Thanks but that's not a runner as the laptop won't power on past the start up screen. Just had a call and it seems like my own is a gonner, after a week they only have a handful of files. Am gutted but it's a lesson learned, albeit an expensive one. First purchase after a new laptop is an external hard drive and I'll be fussy about backing up.

Or is an online storage cache a better option? Dell offer one?


----------



## ClubMan (19 May 2008)

shesells said:


> Thanks but that's not a runner as the laptop won't power on past the start up screen.


That does not necessarily mean that the hard disk cannot be extracted from the laptop and attached to another machine via _USB _allowing the files to be recovered. Also while the laptop may not boot right now that doesn't necessarily mean that it's junk either.


----------



## michaelm (19 May 2008)

I wouldn't trust them, although they may have messed up the drive by this stage anyway.  If it were me, I'd still try connecting the drive externally to another PC.  Also if it's 'backup' you want then just burning DVDs on a semi-regular basis may be a better option than an external drive.


----------



## michaelm (19 May 2008)

shesells said:


> Thanks but that's not a runner as the laptop won't power on past the start up screen.
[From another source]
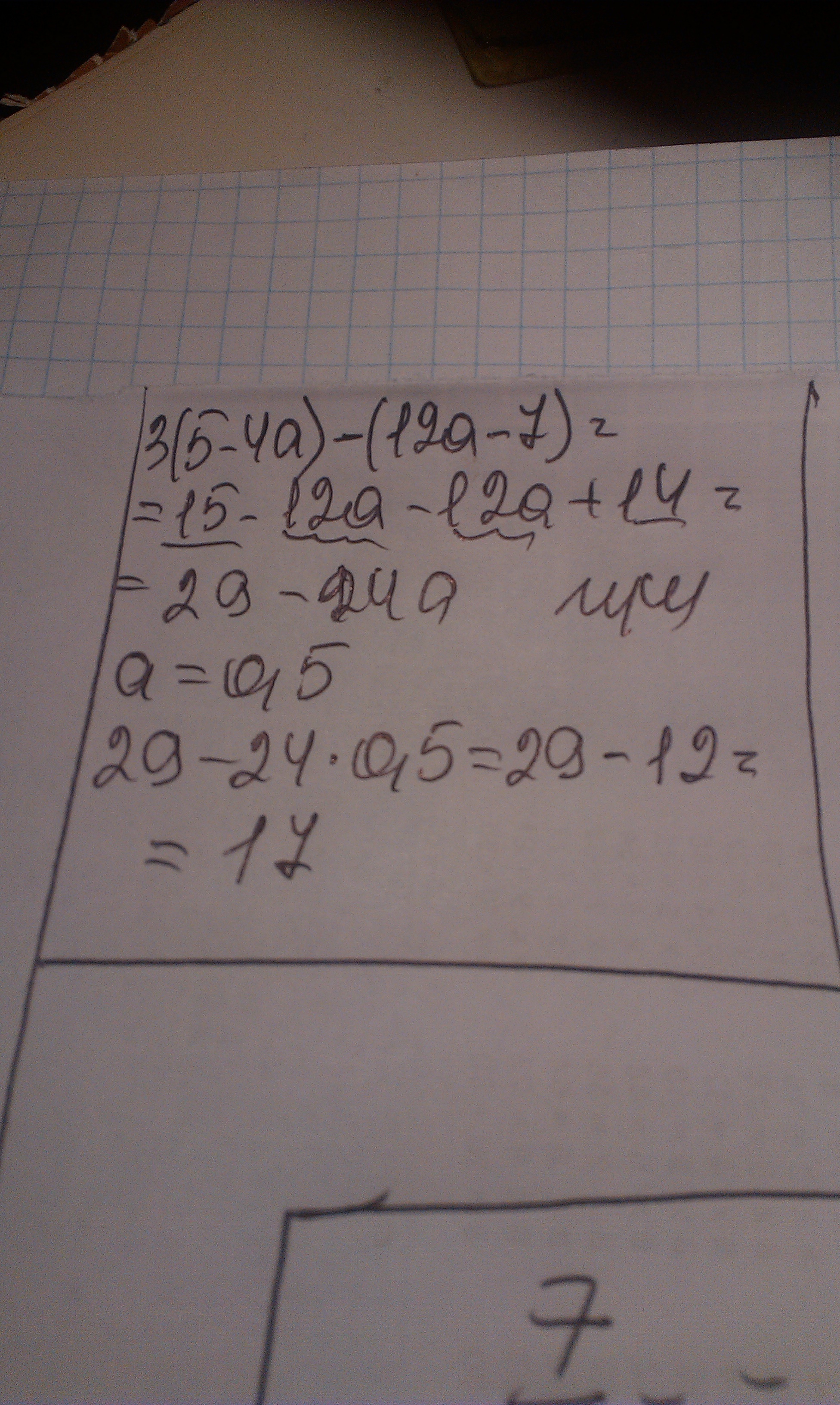 3(5-4а)-(12а-7)=15-12а-12а+7=22 - 24а

First thing I'd do in such case is to remove the battery in case that is causing the problem.  If not a battery issue then second thing would be to try booting the machine from CD (Linux Live CD, can be downloaded or probably get one on the front of a Linux Magazine).  If it boots then the issue is probably either a physical problem with the harddisk or an OS issue.


----------



## rob30 (26 Jul 2008)

I too am sick of windows based laptops that seem to start acting funny and malfunction, with regular blue screens and physical memory dumps, after around 18 months. I have had it in with a repair shop, who said it was fixed, but still not reliable.

I am not sure whether I am totally jinxed, incompetent, or am having a typical experience of laptops.
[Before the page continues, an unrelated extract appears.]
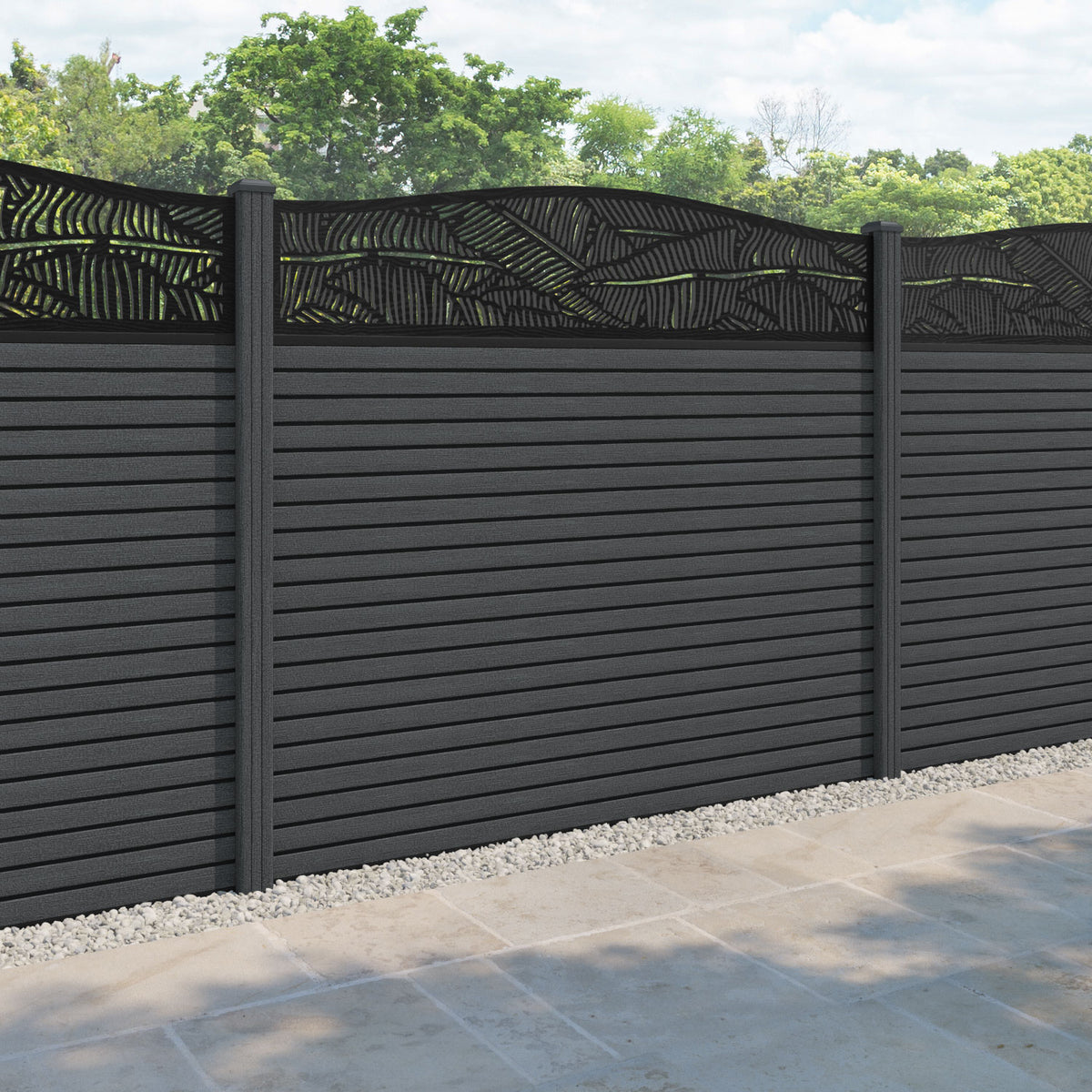 Hudson Feather Curved Top Fence Panel Dark Grey - with our composite posts

I am debating buying a macbook, as I feel the initial outlay may be compensated for with better longevity.

Do people have an opinion on this? Do apples last longer and function more reliably?


----------



## rmelly (26 Jul 2008)

No, I've have 4 laptops in recent years personal and company supplied (IBM & Dell) all of which have lasted more than 2 years in constant use (as desktop replacements) and all still running - 2 of the company ones have been passed down the line to others who are using them full time without problems.


----------



## blacknight (26 Jul 2008)

I used to have Dell laptops, but switched to the Mac.

Yes - you pay more for the Mac, but the build quality is fantastic and it is a pleasure to use.

I picked up my Mac on the refurb store for about 30% less than I would have paid for the same model new.

If you're looking for software and peripherals they're a lot cheaper in the Apple stores in the US, so if you're going over or know someone who is you can pick up stuff for a fraction of the price you'd pay here.


----------



## aircobra19 (28 Jul 2008)

rob30 said:


> I too am sick of windows based laptops that seem to start acting funny and malfunction, with regular blue screens and physical memory dumps, after around 18 months. ...?


 
I think you need to be specific about what the problem is.


----------



## mathepac (28 Jul 2008)

rob30 said:


> ...I am debating buying a macbook, as I feel the initial outlay may be compensated for with better longevity.
> 
> Do people have an opinion on this? Do apples last longer and function more reliably?


As a Mac user for nearly 20 years, I would have to support the longevity and reliability of their desktops, laptops and software coupled with the other innovative, well-engineered products they provide.

The message is spreading - my daughter has two, my ex has one, my sister has one. my brother has two and two of my "hand-me-downs" are now in the hands of computer novices who are learning about the quality user-experience that Apple provides.

A very satisfied customer.


----------



## aircobra19 (28 Jul 2008)

I'm a Mac user for 20yrs too and I reckon. Apple provide the best customer service a class action can provide. That is they will often ignore a problem until a class action makes them fix it. Often then only in the US.

TBH Usually they are pretty good. But they do have manufacturing faults from time to time, just like any other manufacturer. Apple forums are full of such issues, so they are not imune to issues.  Lets be realistic most of the hardware is the same these days, so they'll be effected like anyone else.


----------